**Dataset entries:**
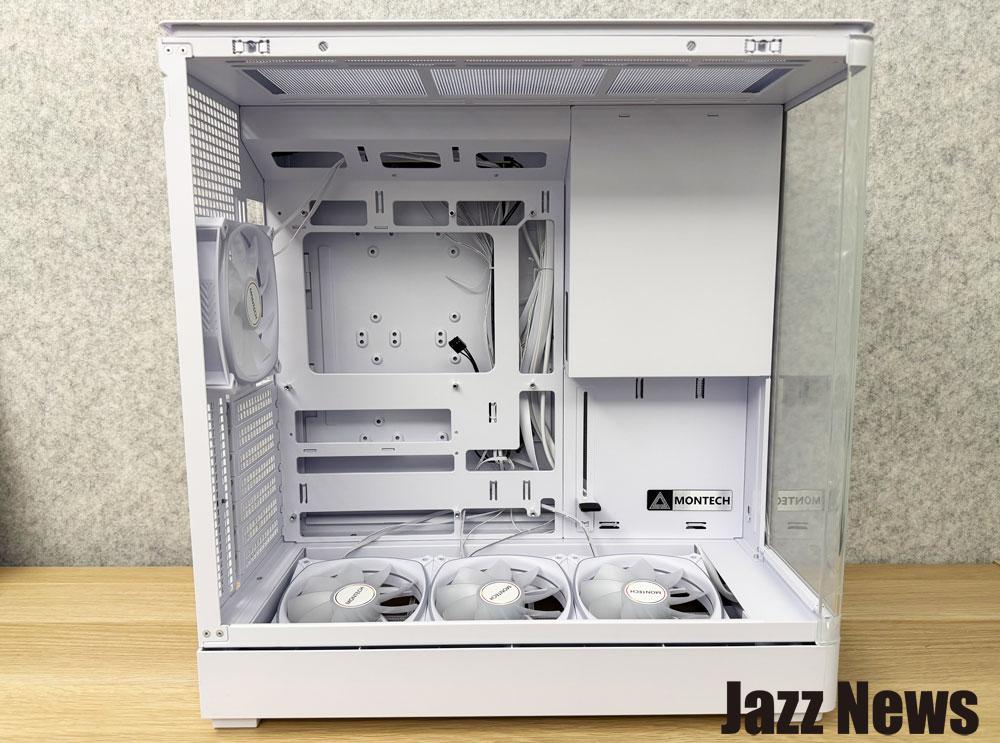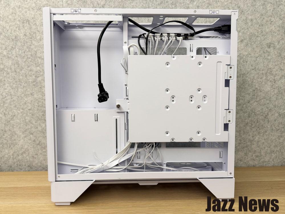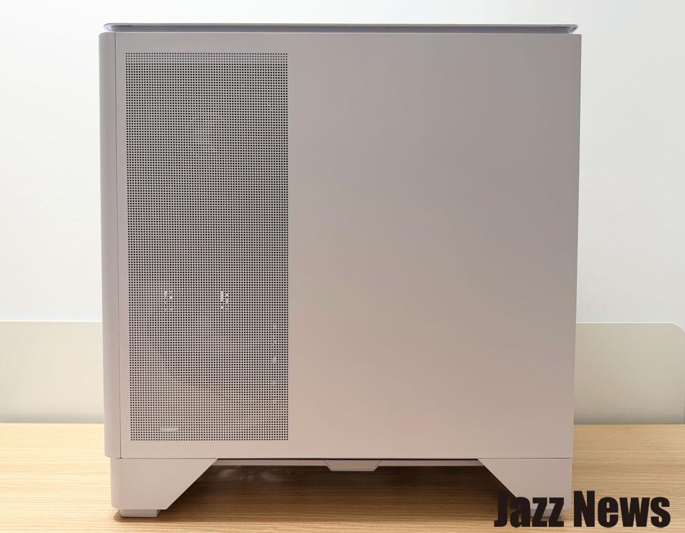 機箱另外一側的面板有開約 2/3 面積的網孔,讓 PSU 的風扇可以在這邊導出氣流;這邊也可以看到底部有足夠的高度讓底部的風扇可以導入風流進入機箱內來做煙囪式的流動~
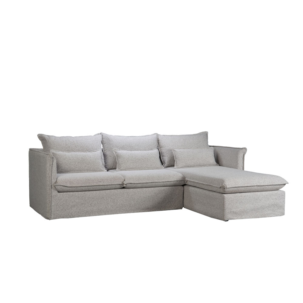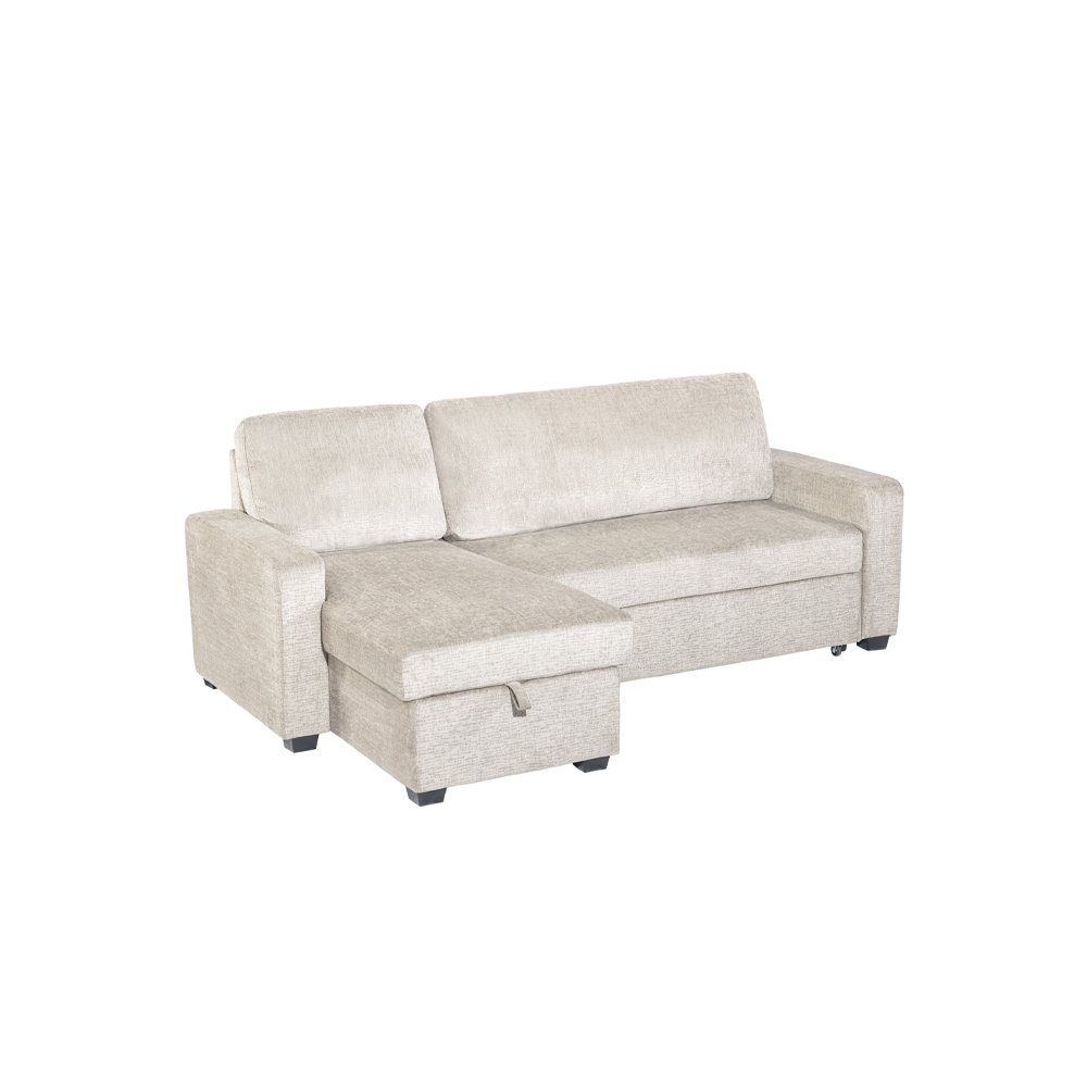 Γωνιακός αναστρέψιμος καναπές κρεβάτι Kamore με αποθηκευτικό χώρο μπεζ ύφασμα 223x146x85εκ
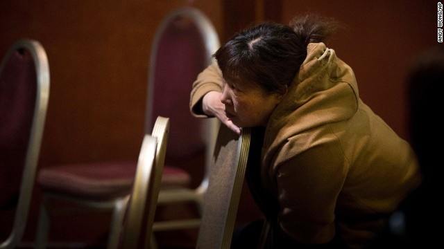 | Thân nhân một hành khách trên chuyến bay MH370 ngồi chờ tin tại khách sạn ở Bắc Kinh. Ảnh: AP. |
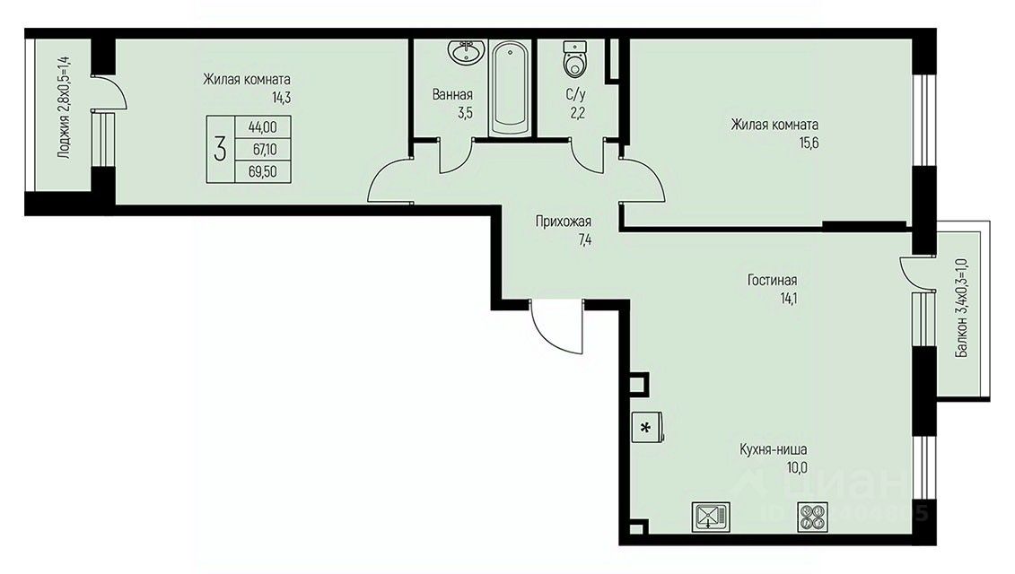 В продаже евротрёхкомнатная квартира с планировкой на 2 стороны света.
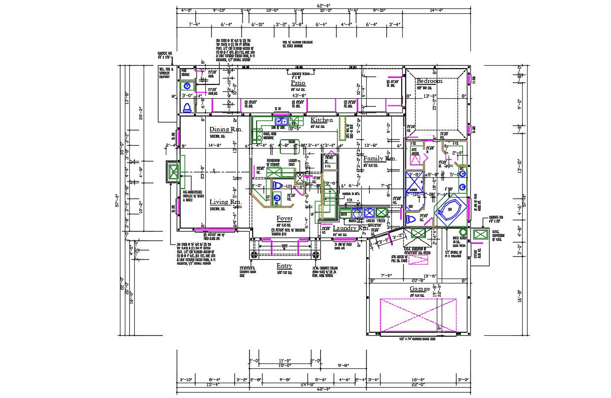 1 BHK House Plan With Vastu DWG File; the architecture residence house layout plan CAD drawing includes 1 bedroom, kitchen, dining room, living room, family room, and garage with all dimension details. download AutoCAD file of the house ground floor plan.
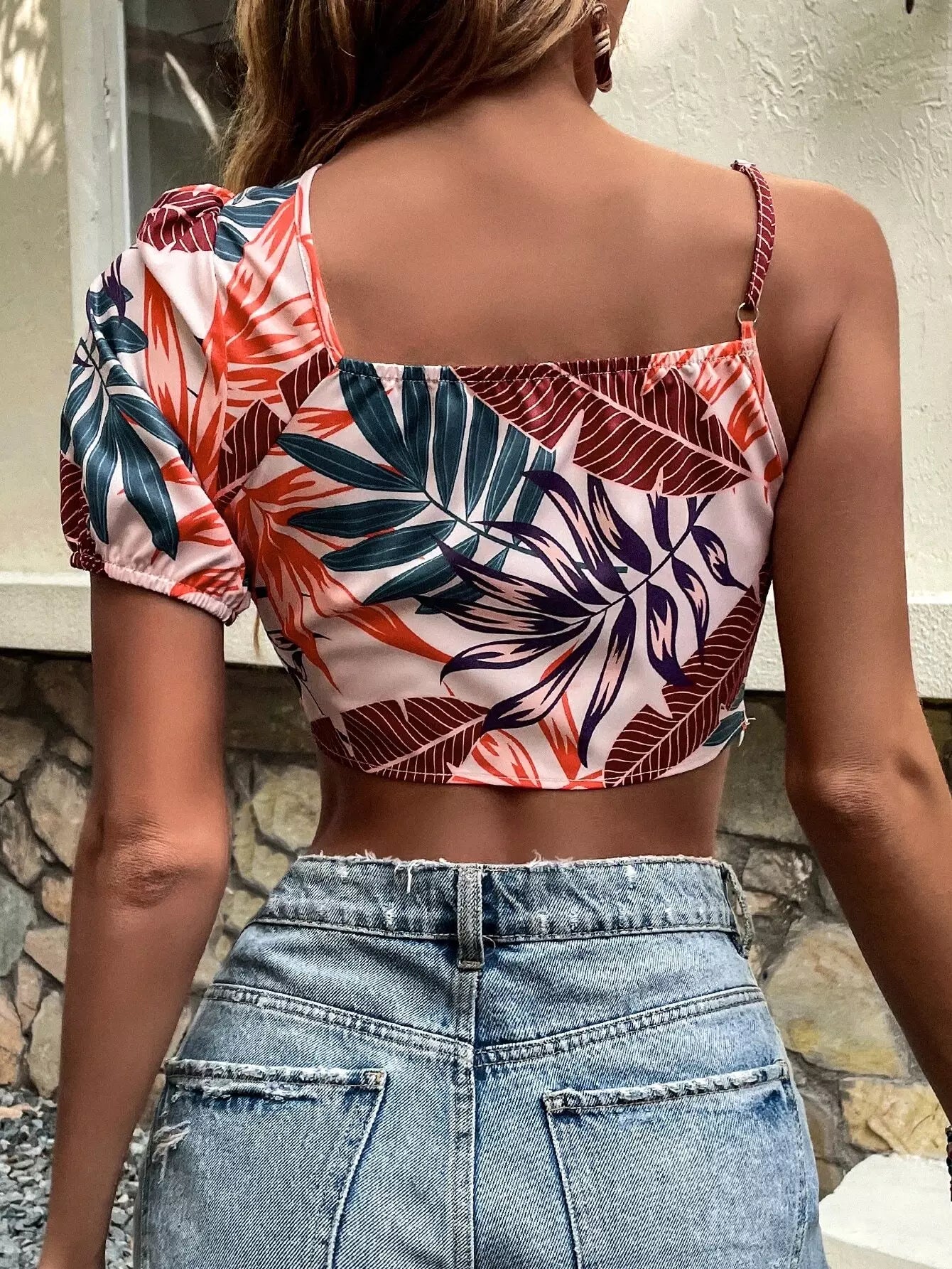 بلوزة قصيرة غير متماثلة بطبعة استوائية ملتوية من الأمام
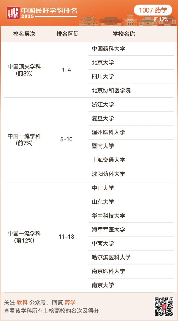 2025年10月15日,软科正式发布“2025软科中国最好学科排名”,四川大学药学学科位列全国第三,已连续四年入选中国顶尖学科。
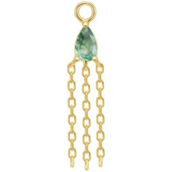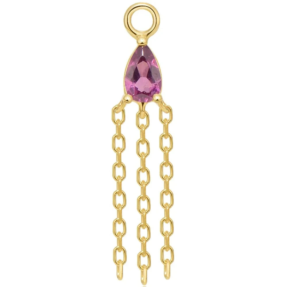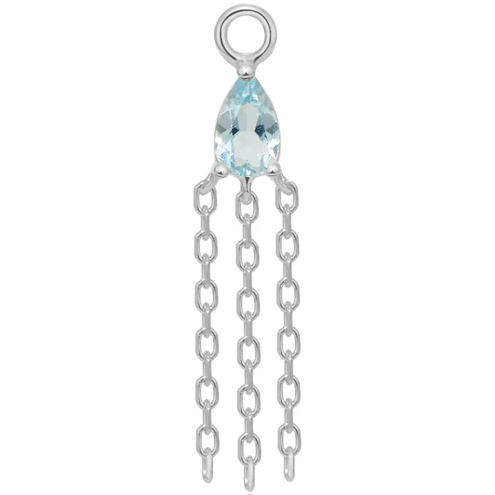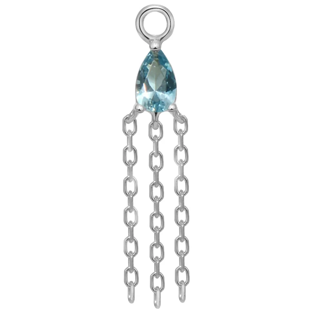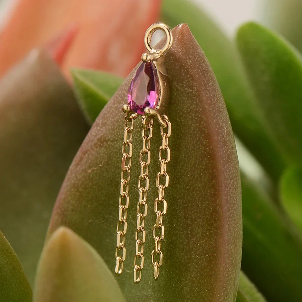- 17mm x 3mm charm with (1) _mm x _mm Pear Gemstone in Prong’s with (3) chain dangles
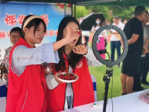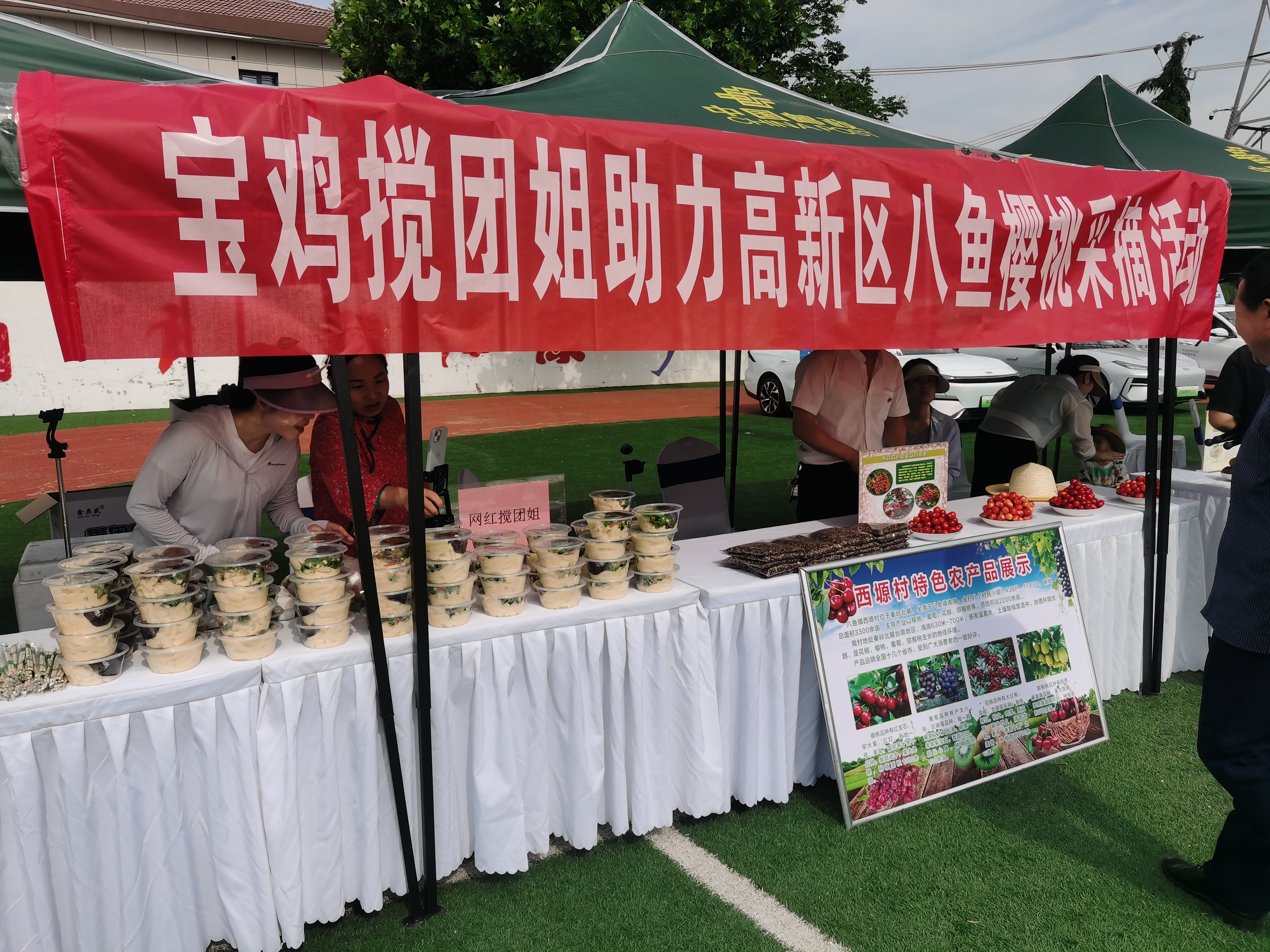 启动仪式现场,开展了高新区农特产品展示展销活动。网红达人“搅团姐”现场发放搅团供游人免费品尝,还邀请宝鸡职业技术学院学生、网红娜娜、搅团姐、秦女观光农业有限公司开展现场直播带货,网红在八鱼镇八鱼村樱桃示范园打卡宣传推介樱桃。同时,在市内10条公交线路车载视频、24条公交线路的车尾广告屏连续推送“秦岭红樱桃,宝鸡味道好”系列宣传短视频,开展助农促销活动。
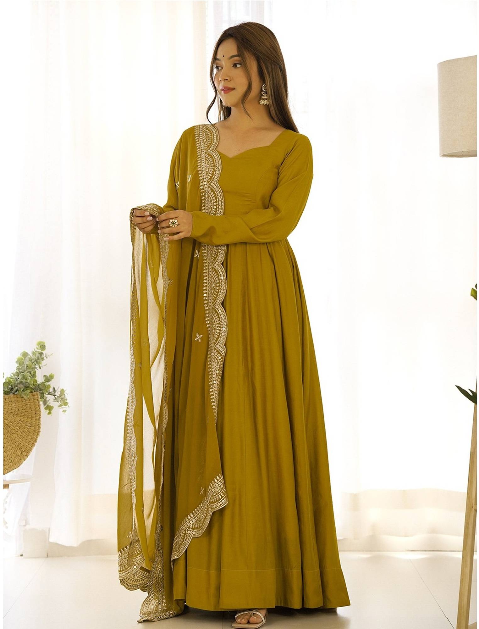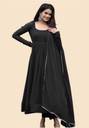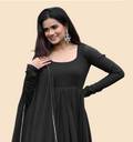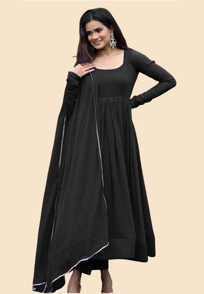 This beautiful BlackGeorgette Solid anarkali suit is a classic piece that goes well with any outfit and is ideal for grateful occasions. For ladies of all ages and body shapes, the flowing silhouette and detailed detailing make it a versatile and flattering option. This elegant and comfortable anarkali suit is made of quality fabric, ensuring that you will always look and feel your best.Size: S,M, L, XL, XXL,(Select As Per Your Requirement), Type: Readymade Printed Gown With Dupatta, Length: 50 Inches, Dupatta : 2 Mt, Bust Size: S-36",M - 38", L - 40", XL - 42", XXL - 44", Waist Size: S-32",M - 34", L - 36", XL - 38", XXL - 40" ,.The standout feature of this gown is its stunning print.Neck : Round, Sleeve : Full Sleeve
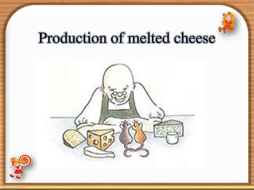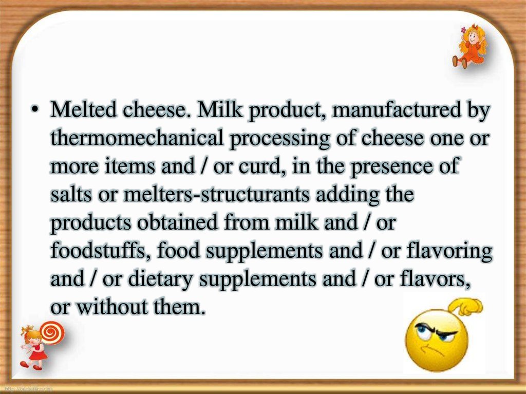 • Melted cheese. Milk product, manufactured bythermomechanical processing of cheese one or
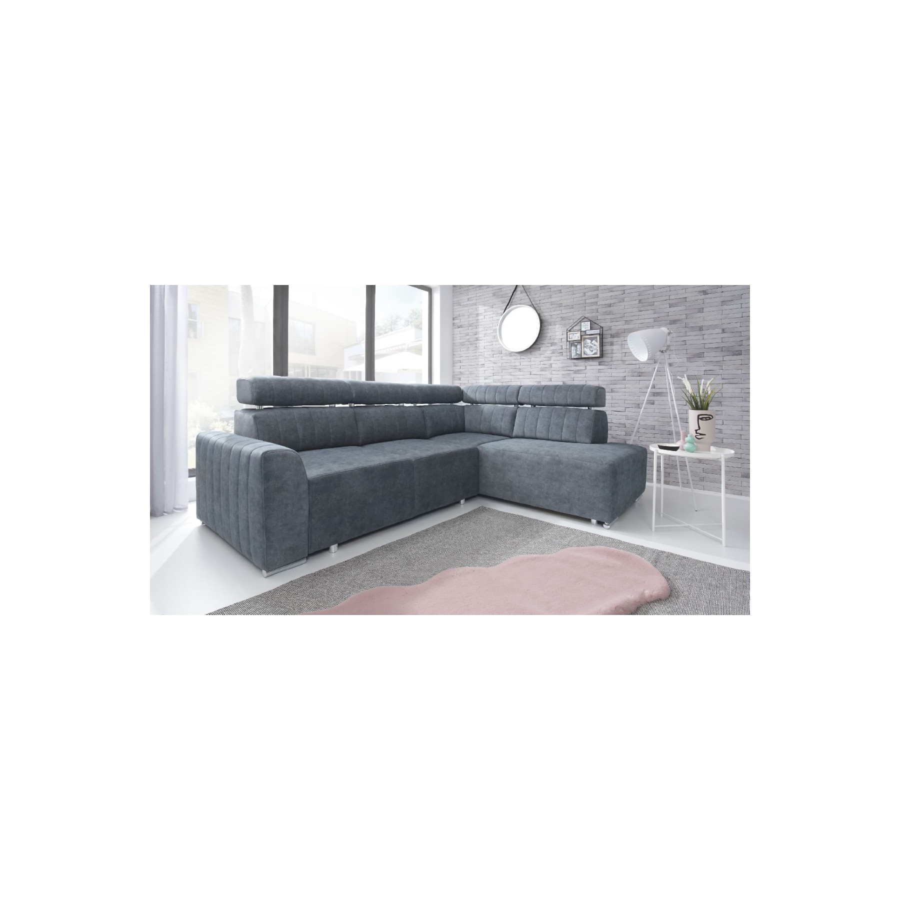 Zaletą narożnika CORSO jest fakt, iż posiada on funkcję spania oraz rozkłada się w łatwy sposób, ponieważ wyposażony jest w funkcję PUMA oraz podnośnik gazowy.

**What is expected:** Each line from the line containing "- 17mm x 3mm" through the last line above must be written out exactly, and every picture must be omitted.

**Task answer:**
- 17mm x 3mm charm with (1) _mm x _mm Pear Gemstone in Prong’s with (3) chain dangles
 启动仪式现场,开展了高新区农特产品展示展销活动。网红达人“搅团姐”现场发放搅团供游人免费品尝,还邀请宝鸡职业技术学院学生、网红娜娜、搅团姐、秦女观光农业有限公司开展现场直播带货,网红在八鱼镇八鱼村樱桃示范园打卡宣传推介樱桃。同时,在市内10条公交线路车载视频、24条公交线路的车尾广告屏连续推送“秦岭红樱桃,宝鸡味道好”系列宣传短视频,开展助农促销活动。
 This beautiful BlackGeorgette Solid anarkali suit is a classic piece that goes well with any outfit and is ideal for grateful occasions. For ladies of all ages and body shapes, the flowing silhouette and detailed detailing make it a versatile and flattering option. This elegant and comfortable anarkali suit is made of quality fabric, ensuring that you will always look and feel your best.Size: S,M, L, XL, XXL,(Select As Per Your Requirement), Type: Readymade Printed Gown With Dupatta, Length: 50 Inches, Dupatta : 2 Mt, Bust Size: S-36",M - 38", L - 40", XL - 42", XXL - 44", Waist Size: S-32",M - 34", L - 36", XL - 38", XXL - 40" ,.The standout feature of this gown is its stunning print.Neck : Round, Sleeve : Full Sleeve
 • Melted cheese. Milk product, manufactured bythermomechanical processing of cheese one or
 Zaletą narożnika CORSO jest fakt, iż posiada on funkcję spania oraz rozkłada się w łatwy sposób, ponieważ wyposażony jest w funkcję PUMA oraz podnośnik gazowy.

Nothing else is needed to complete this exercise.